One solution to the sparse reward problem is simple. Use dense rewards. But how? Reward shaping to the rescue. But, reward shaping is a very hard task and requires complete knowledge of the environment and the optimal actions. Not really ‘artificial intelligence’ then.
Another solution/solutions are to augment the environment reward signal with an intrinsic reward, a reward generated by the agents understanding, or lack thereof, of the environment or it’s dynamics.
Curiosity is one of the reward signals that can serve as an intrinsic reward signal.
Curiosity - a strong desire to know or learn something.
Curiosity is simply discovering as many new states as possible. Technically, it could be understood as the error in an agent’s ability to predict the consequence of it’s own actions. The problem with this naieve formulation is the huge state space that we usually encounter. For example, if an agent just naievely compares to states (for example in terms of mean squared error), it could always be curious, even for very similar states because of the environmental changes. Suppose a natural environment which an agent is navigating around. When the agent takes an action, the state changes according to the action. However, there are many other phenomena such as wind, leaves blowing, clouds moving etc that also change but are not dependent on the agent’s action and do not affect the agent.
To counter this, the authors formulate “curiosity as the error in an agent’s ability to predict the consequence of its own actions in a visual feature space learned by a self-supervised inverse dynamics model.”

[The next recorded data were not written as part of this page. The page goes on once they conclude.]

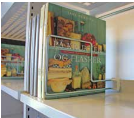
Standard model shelf depth 30 cm

Examples of various versions of the backedge book support:
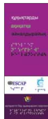
Make the Right Real Roll-up in Russian Language
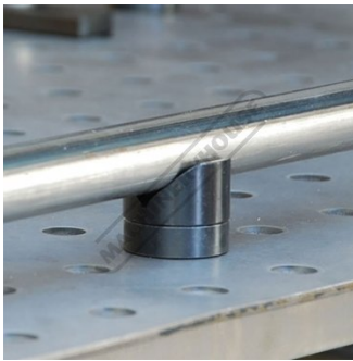
V Block Spacer
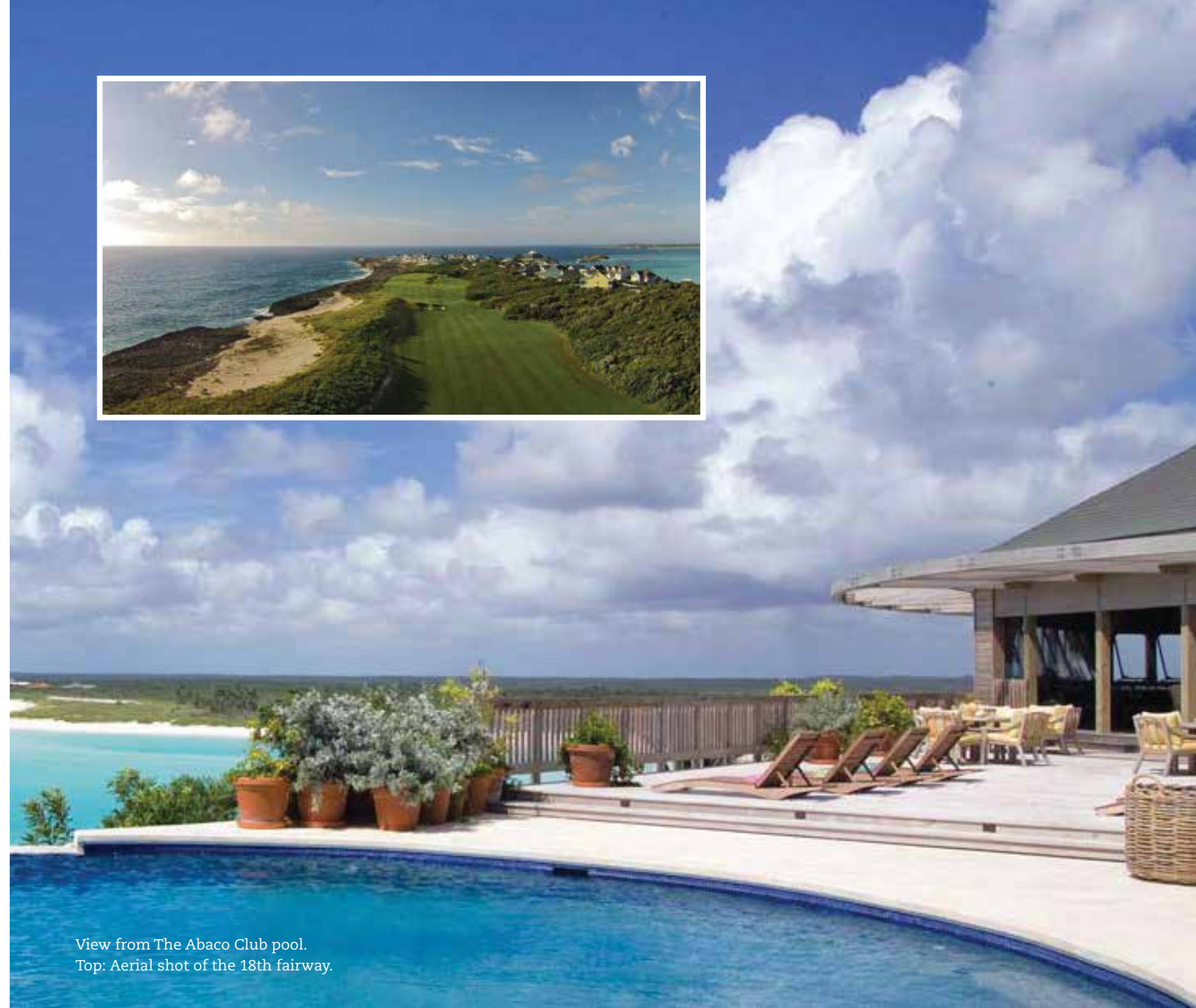
View from The Abaco Club pool. Top: Aerial shot of the 18th fairway.

ROUNDING OUT THE LIST OF LUXURY PROPERTIES is Southworth's most recent acquisition, The Abaco Club on Great Abaco Island in the Bahamas. Custom beachfront home sites, two- and four-bedroom cottages and one-bedroom cabanas promise "barefoot luxury" for the fortunate residents of and visitors to these 534 acres of paradise. With sunrise views over the Atlantic, sunset views
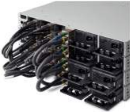
Figure 7. Cisco Catalyst 9300 Series StackPower
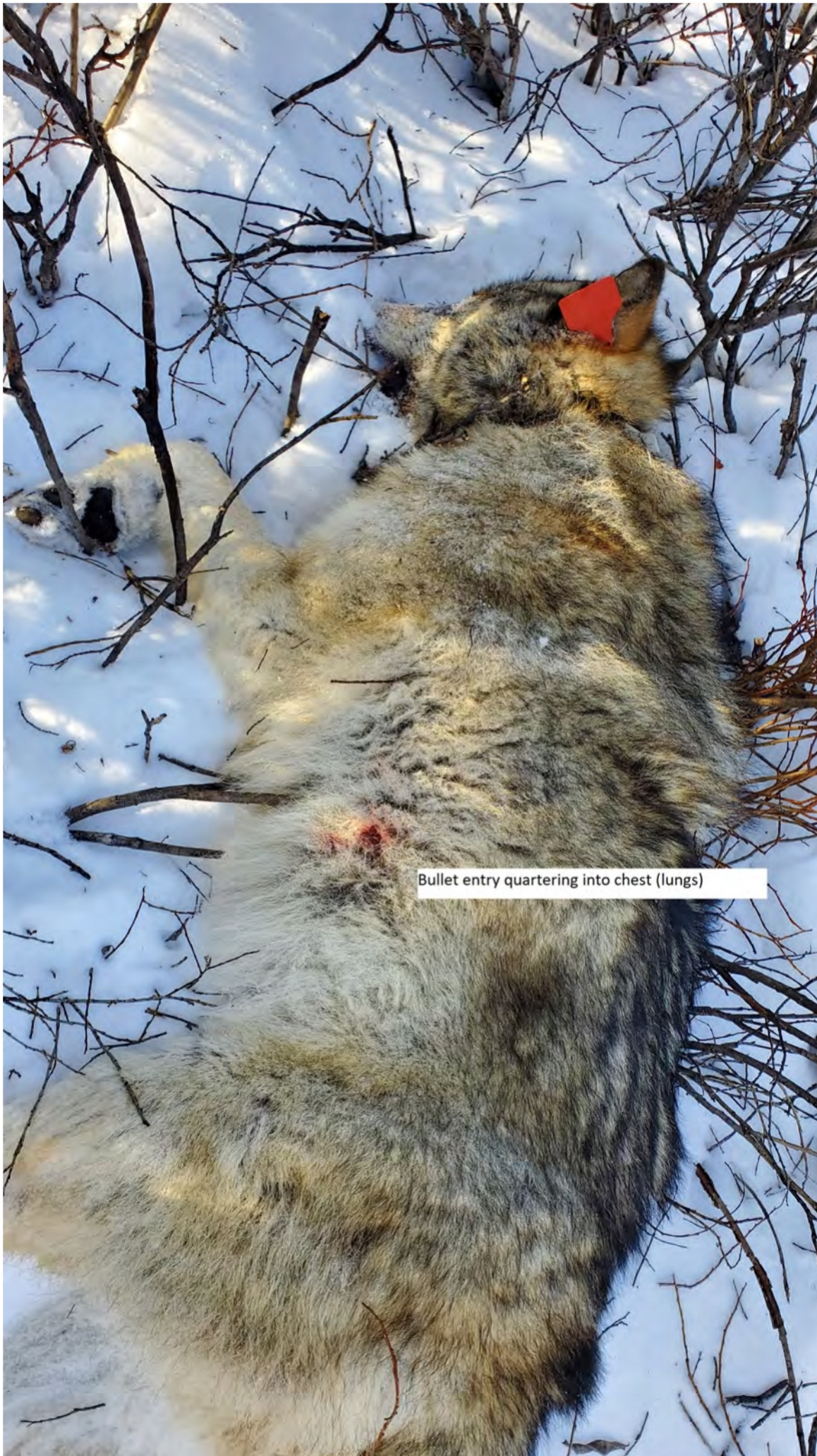
Bullet entry quartering into chest (lungs)
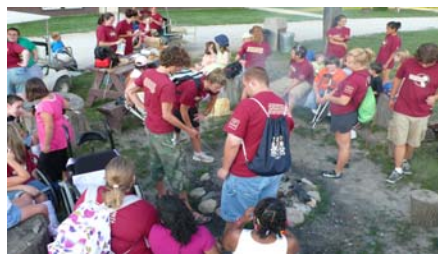
Everyone gathers around the bonfire after a day at camp.

As you plan for your child to go to camp this summer, please know that we take very seriously our responsibility to make sure that your camper not only has a great time at camp with plenty of learning
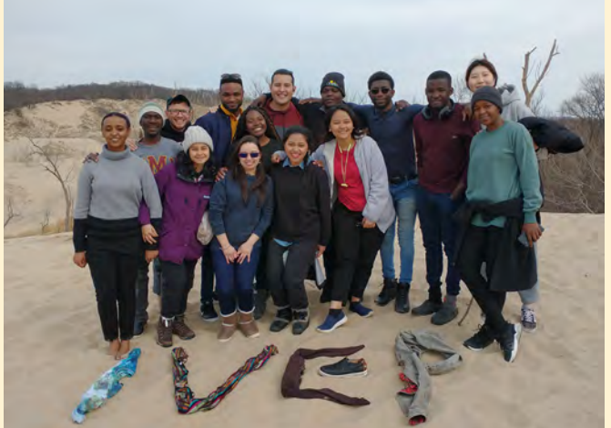
Enjoying Warren Dunes Park during mid-year conference.
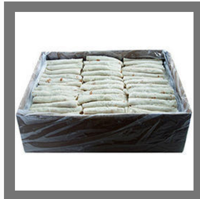
Cheese Spring Rolls
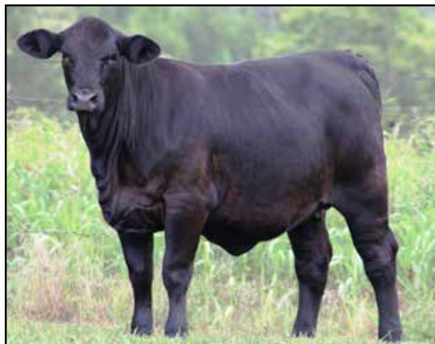
JG MISS 610 E GARRETT JET

BLACKHAWK OF BRINKS 607M12 TRANSFORMER OF BRINKS JG MR. 747 BLACK JET MISS BRINKS SUNDANCE 607K18 R10095245 JG MISS SATURN STAR CPPR SATURN 854 DONICA 7W GARRETT OF BRINKS 789P BEST BET OF BRINKS 535H38 LG ELBA 5/4-6/10 MS BRINKS ALI 789M R10184102 LG ELBA 21/0-5/4 RWR MR TRANSFORMER 21H2 LG ELBA 2/2-21/0
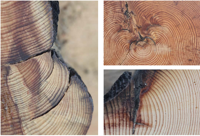
Scarred tree rings provide evidence of fire.
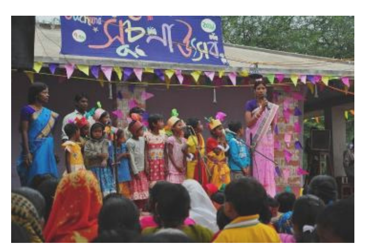
Pre-schoolers performing at the show

Suchana's biggest yearly event the Annual Function was held on 20<sup>th</sup> February 2011, it included 15 acts that the children had learned and practiced since the beginning of January.
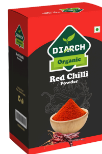
Diarch Organic Red Chilli
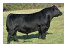
PVF INSIGHT 0129 Paternal Grandsire of Lots 48 & 49
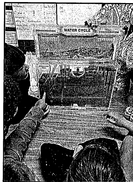
Aquifer model used in Mr. Yang's 2 nd grade class at Hoffer Elementary on 2/5/20
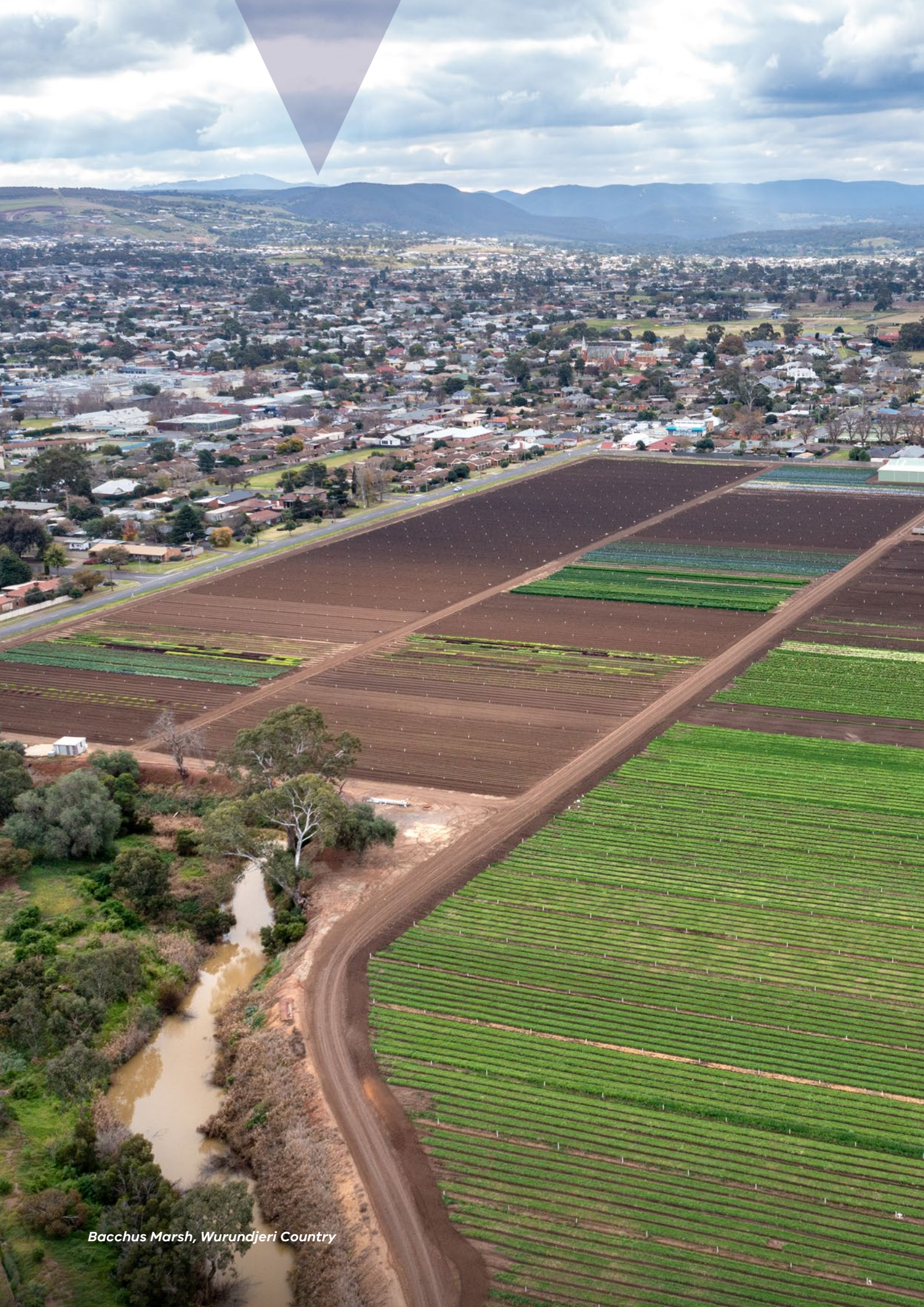
Bacchus Marsh, Wurundjeri Country
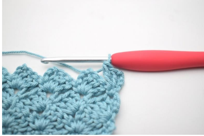
36. Like this.
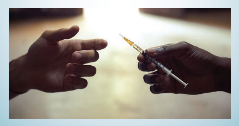
You can get HIV by sharing syringes, needles, and other things used to inject drugs.
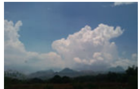
Cumulonimbus: Low clouds with a characteristic flat, anvil-like top. They often bring strong winds, thunder, lightning and even hail.
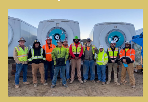
A few of our veterans gathered for a photo on our Lompoc wind project.

Employing US Veterans is something Mountain takes great pride in. The skill, commitment and dedication shown by these great men and women have undoubtedly lifted our company to be better and serve our clients better. Each year we take the opportunity on Veterans Day to recognize the great sacrifice they have made for our country.
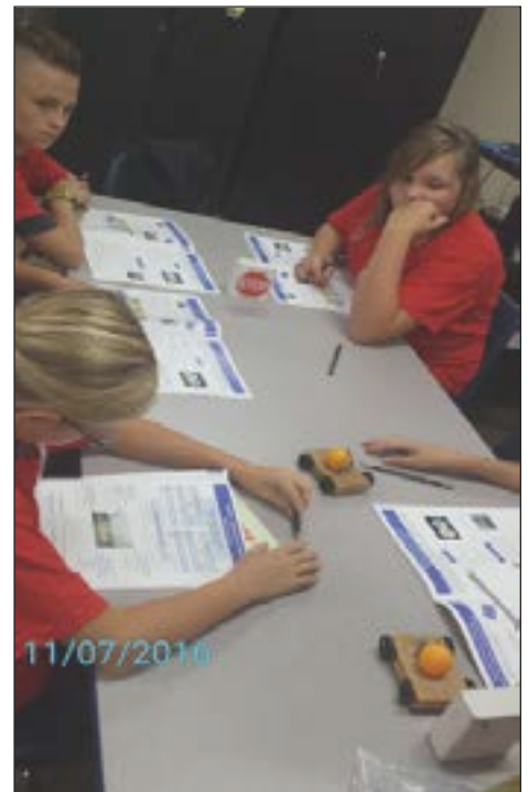
Fifth graders travelled to Starbase, in Salina Kansas on Nov. 7.
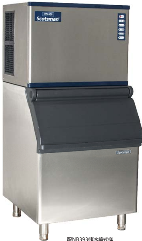
配NB393储冰箱式样 Shown on NB393 bin
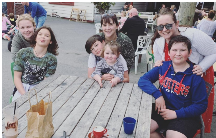
Left: During their time at HHT (2008) Above: Catching up this year.
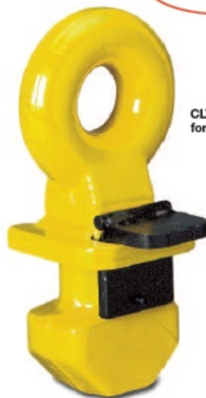
CLT for top lifting
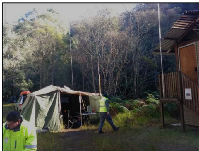
Home for the weekend

Sunday came and we packed away our gear checked over the site and returned back to the base camp to assist them with their gear and left to go home. It was a good weekend away and a learning experience for operating in the bush with limited resources. I am looking forward to the next event but hoping for a bit more sun.
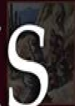
LAST STAND AT PAJARO MILLS
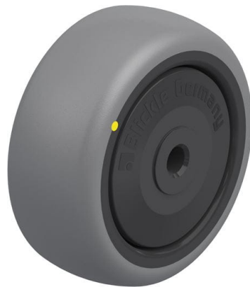
Wheel used TPA 80/8KF-ELS
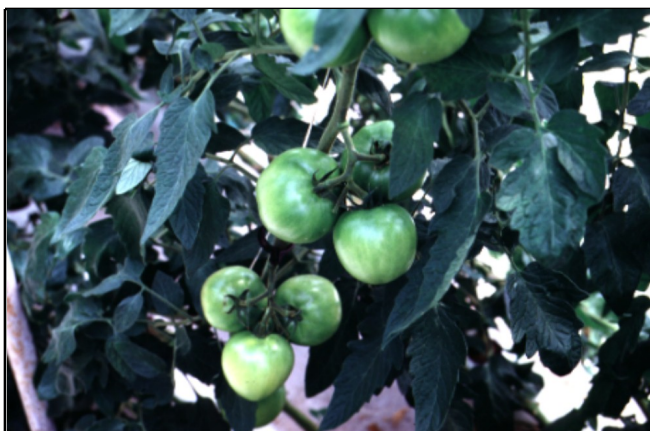
Figure 1. Tomatoes near harvest time.

The primary goal of vegetable harvesting and postharvest handling is to maintain the high quality obtained at harvest through subsequent handling steps (Fig.1). The wise greenhouse operator pays close attention to quality maintenance at each step in this postharvest system. Employees should likewise be trained and encouraged to be "quality conscious." Quality is most often lost due to two causes: mechanical injury from rough handling during harvest, packing, and transport; and inadequate temperature management.
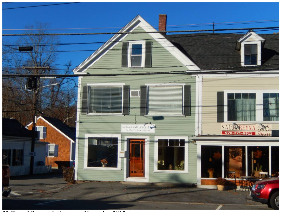
22 Central Square, facing west. November 2015.
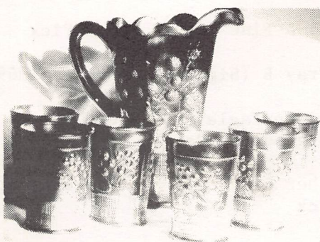
7 Pc. Northwood Raspberry Water Set
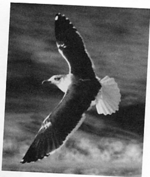
LESSER BLACK-BACKED GULL ( Larus fuscus )—Cape May, NJ, February 1, 1987
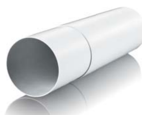
Round 125 mm telescopic air duct, Adjustable length 500 up to 1000 mm
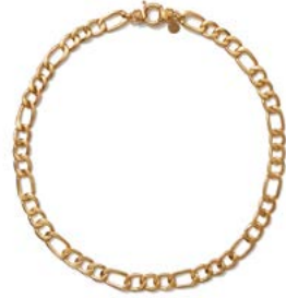
DELLA € 295
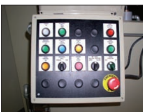
Easy Operator Controls
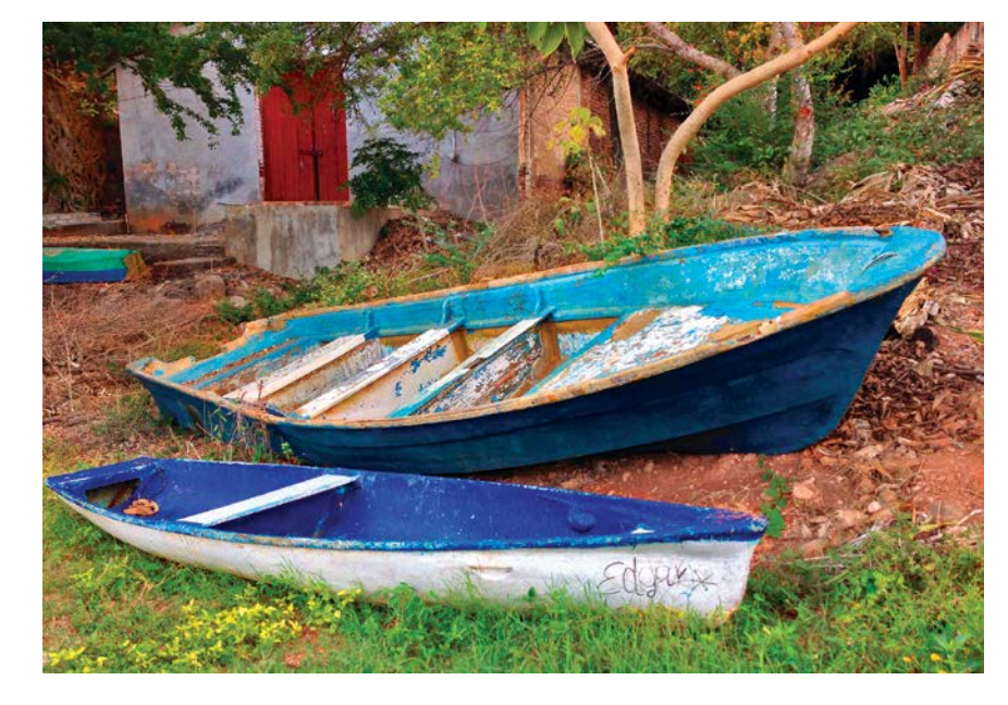
\textit{Blue Boats}, South \ American \ Portfolio. \
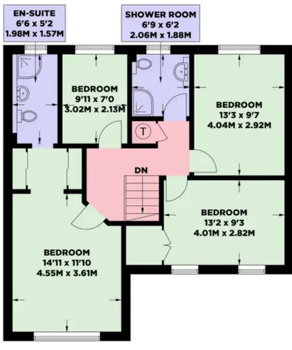
First Floor 759 sq Ft / 70.5 sq M
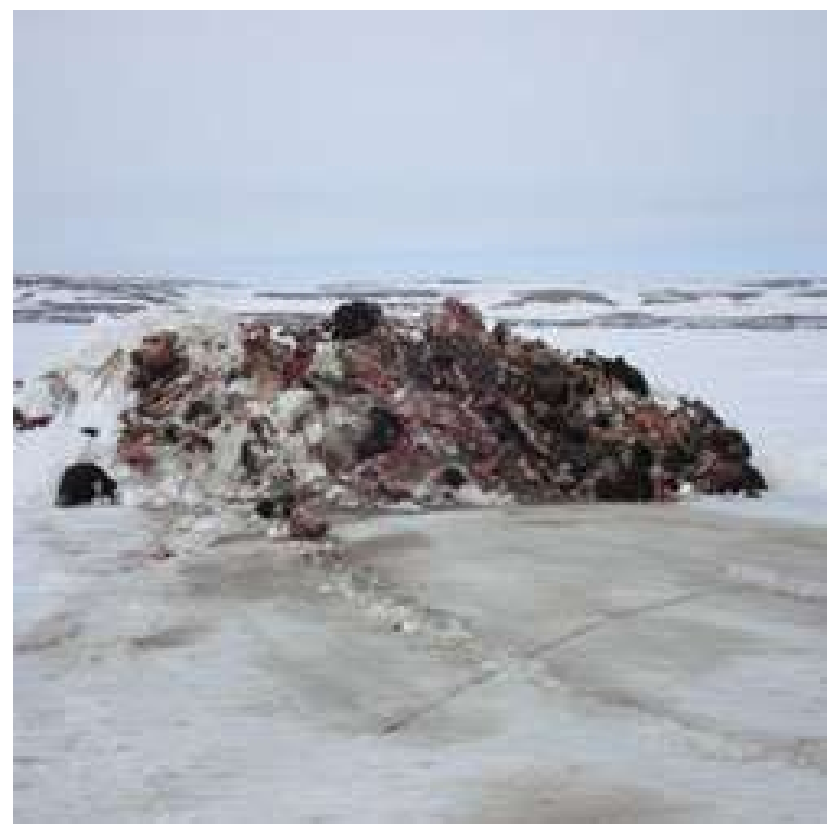
Figure 4 – Organic waste (musk ox offal)
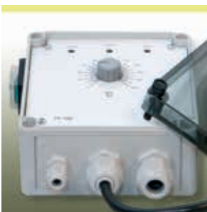
Temperature regulator HM-EC 210
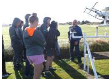
Visit to Invercargill Weather Station
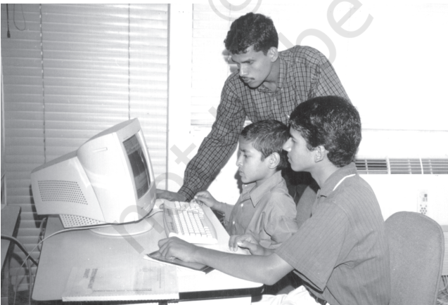
Fig. 5.4 Job on hand: transforming India into a knowledge economy

World Bank, in its recent report, 'India and the Knowledge Economy — Leveraging Strengths and Opportunities', states that India should make a transition to the knowledge economy and if it uses its knowledge as much as Ireland does (it is judged that Ireland uses its knowledge economy very effectively), then the per capita income of India will increase from a little over US $1000 in
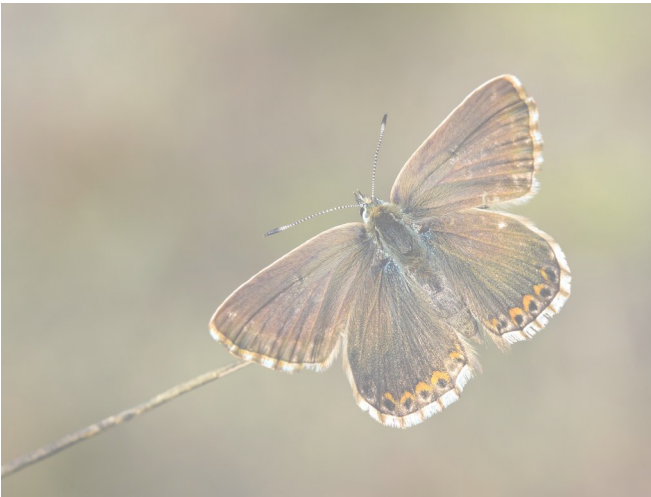
Chalk Hill Blue (female/upperwing).
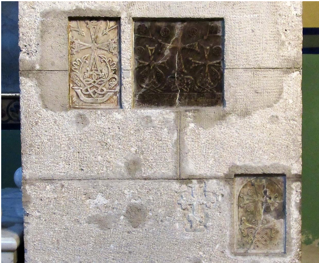
Fig. 22. Lviv (Lvov, Galicia). Armenian cathedral (1363). Interior. South-west pillar, north face.
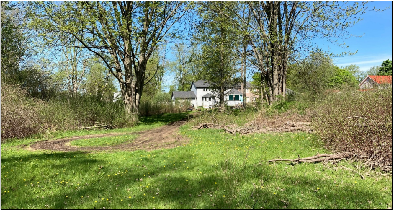
Photo 1: View of the site's rear yard, facing west from the easterly unopened road allowance. Note the manicured lawn, patches of shrub thicket, and the few remaining live trees following the ordered removal of killed Ash trees.

Photos 1, 2 and 3, below, depict representative conditions observed by Myler and Culture at the site on 13 May 2022:
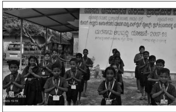
School Children of Udipi Zilla Panchayth Higher Primary School Parampally wearing with the uniforms donated by our club
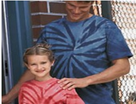
Tie-Dyed T-Shirt 100% Cotton

That is a mouthful. Let’s break it down.
Motivation
Suppose, you have an agent. In a traditional epsilon greedy exploration strategy, since the actions are completely random, we can reach previously visited states often and often get stuck. Now suppose you have a forward dynamics model i.e. a model that is able to predict the next state given the current state and action. What the paper states is that if you are uncertain about the next state that means that you would potentially “learn something new” by taking that action and therefore explore more. Therefore, the prediction error between the predicted next state and the real next state acts as the intrinsic reward provided to the agent.
Problem with pixel comparison
However, there is a problem with directly comparing visual states. The environment may have many entities which move around irrespective of the action executed by the agent. For example, the skull in Montezuma’s Revenge moves back and forth irrespective of the agent’s actions. If we were to naively compare the pixel predictions of the next predicted state and the actual next state, we could always label the next state as curious due to the changes in the environment.
Solution to the problem
The authors try to solve this problem by using an inverse dynamics model that transforms the raw sensory input to a feature space where only the information relevant to the action executed is represented. This way, the feature space will not contain any information about environmental changes.
How is this done ?
Simply by using an encoder like architecture that compresses the states into a feature space and then a fully connected network that takes these feature space vectors of the current state and the next state as input and tries to predict the action executed. This is called an inverse dynamics model since we are trying to predict the action from the states(inverse). This in turn ensures that the feature space only contains the relevant information.
Forward Dynamic Module
At training time, the state, action, next state tuple is collected. The state and the next state are passed through the encoder of the inverse dynamics module. The embedding of the current state and the action are provided to the forward dynamic module which then tries to predict the embedding of the next state. This is then compared to the actual embedding of the next state (Mean squared error) which acts as the loss for the forward dynamics module.
The entire module (Forward + Inverse Dynamics) is called the ICM or the Intrinsic Curiosity Module.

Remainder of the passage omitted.